A method of lignin separation from cellulose, originally developed in the paper-making industry as an alternative to environmentally hazardous chlorine-based reagents, consists in treating biomasses with alkaline solutions [16]. Strong bases, such as NaOH or Ca(OH)₂, are both environmentally compatible and efficient agents for delignification of cellulose and solubilization of separated lignin Ref. [17]. Furthermore, lignin hydrolysis is significantly improved by adding hydrogen peroxide (H₂O₂) to the reaction mixture [18]. In fact, this alkaline oxidative solution easily disrupts cell walls, efficiently dissolves hemicellulose and lignin by hydrolyzing uranic and acetic acid esters, and yields poorly crystalline cellulose [19]. Moreover, α-aryl ether linkages in lignin phenolic units are readily cleaved and the conversion of the resulting phenolic units into, first, quinone methide intermediates, and, then, fragmented hydroxyl–phenolic groups, contributes to lignin solubilization in alkaline solution [20]. Lignin is then easily recovered by lowering the pH [21]. The resulting material has been reported to be lower in molecular weight and richer in carbonyl and carboxyl functional groups than lignin obtained by Kraft or sulfite processes [22]. However, no detailed information on the physical–chemical characteristics of the different lignin separates has been ever described, up to our knowledge.
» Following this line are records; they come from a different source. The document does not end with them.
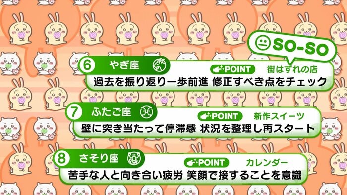 『めざましテレビ』で放送中の「ちいかわ占い」 テレビ放送がない日はお休みで、月~土:朝7時以降に更新予定です。
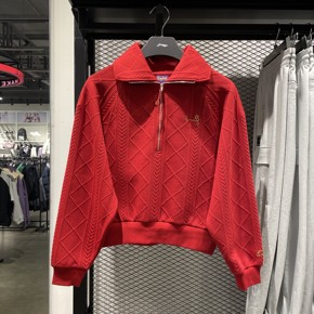 李宁卫衣女子春季日进斗金新年红色宽松翻领运动服套头衫AWDU048
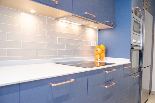 Mavi mutfak dolaplarında kapak seçimi sade ahşap masif, suntalam, mdflam, membran, parlak(high gloss), akrilik veya lake şeklinde yapılabilir. İki renkli mutfak dolabı tercihinde beyaz ve gri renk ile birlikte mavi renk dolaplar kullanmayı düşünebilirsiniz.
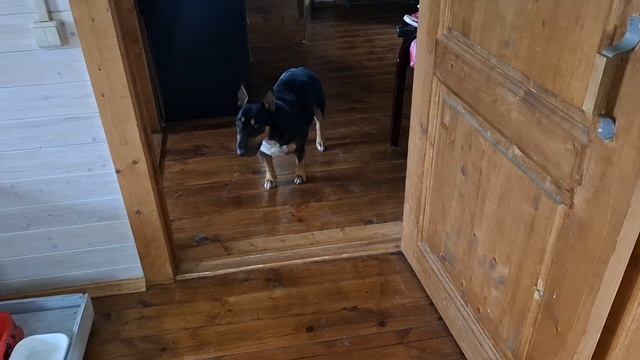 Моросит пол дня. Листок меднится. Собачки)))
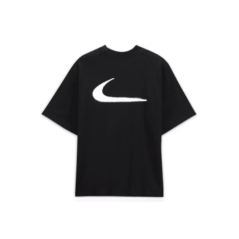 As part of an eight piece clothing line, which also comprised shorts, t-shirts, pants, socks, a crop top, and tights, the Off-White x Nike Spray Dot T-shirt was made available. The front of this specific Off-White x Nike T-shirt is covered with a variety of spray dots, and the Nike Swoosh is positioned on the left breast. The back of the t-shirt features an antique Nike Swoosh that Off-White formerly utilized on clothing lines.
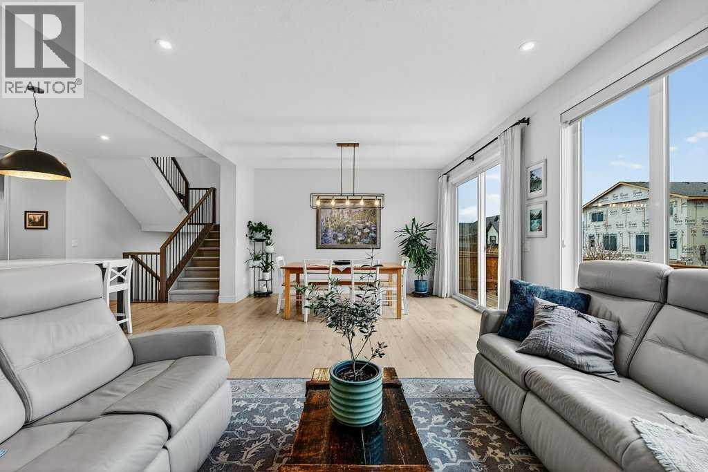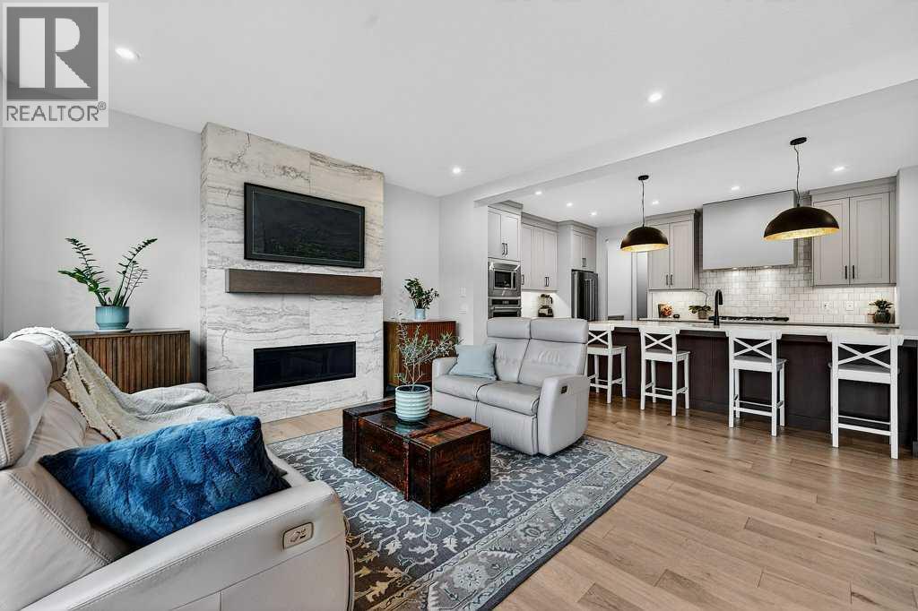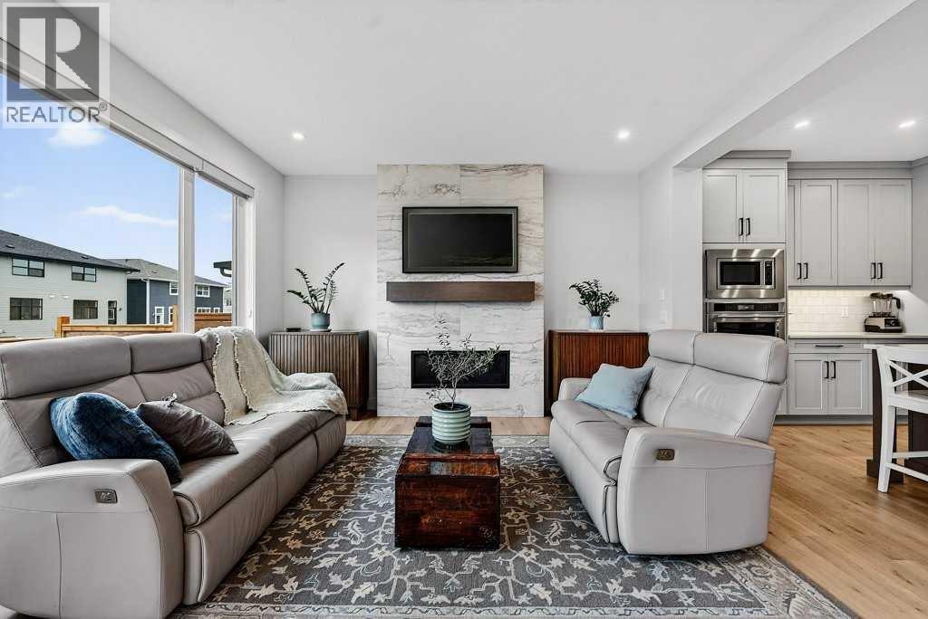 Welcome to this exceptional family home in one of Calgary’s most sought-after lake communities! Your new home is in an exclusive phase of Mahogany right across the street from a greenbelt with paved pathway leading to your own semi-private dock! The original owners offer this Quince model by award winning Baywest Homes built in 2023. Great opportunity to own in an estate community with both a triple attached garage & rear laneway for more privacy & potential R.V. parking. Inside you’ll discover a bright, open plan filled with natural light with engineered hardwood flooring on main level. The concept kitchen is a true showpiece, featuring loads of cabinetry, multi burner gas stove, built-in microwave, & ample space for gathering around the island. Direct access from the garage thru a butler’s pantry makes for the ideal access when bringing home the groceries. The kitchen is open to the dining area flowing seamlessly into the stunning family room, where a cozy fireplace creates an inviting atmosphere for entertaining friends & relaxing with the family. A den area is situated in a private corner on the way upstairs creating the perfect place to study, read or use as a home office. Upstairs, you’ll enjoy nine-foot ceilings, a thoughtfully designed layout that includes a generous bonus room & convenient laundry room. The primary bedroom is your personal retreat, complete with a spa-inspired ensuite boasting a tiled shower and a walk-in closet. Three additional bedrooms share a large main bathroom, providing plenty of space for a growing family. The builder finished basement adds two good-sized bedrooms, a full bathroom, & a large rec room perfect for movie nights, fitness equipment & kids’ play area. A massive storage room with 2 story vaulted area ensures you’ll never run out of space for storing seasonal items & gear. The triple car heated garage has an EV plug in, provides all the space you need for vehicles, bikes, lake toys & more. The fenced backyard offers privacy and features an underground irrigation system in both the front and back yards, making maintenance easy and keeping everything ready for your dream landscape. Easy access to community amenities, YMCA, Mahogany’s main beach, top-rated schools, parks, shopping & restaurants. Offered below replacement value without the long wait to build new! (id:53676)

The objective of this work was to compare the physical–chemical characteristics of lignin separated by either a sulfuric acid or an oxidative alkaline extraction, from three different plant sources rich in lignocellulose and used for second-generation ethanol: miscanthus, giant reed, and a microbially pre-treated giant reed. The isolated lignin was characterized by Attenuated Total Reflectance Infrared Fourier Transform spectroscopy (ATR-IR), solid state NMR spectroscopy (¹³C-CPMAS spectra and derived T1ρH relaxation times), thermogravimetric analysis (TGA), and high performance size exclusion chromatography (HPSEC).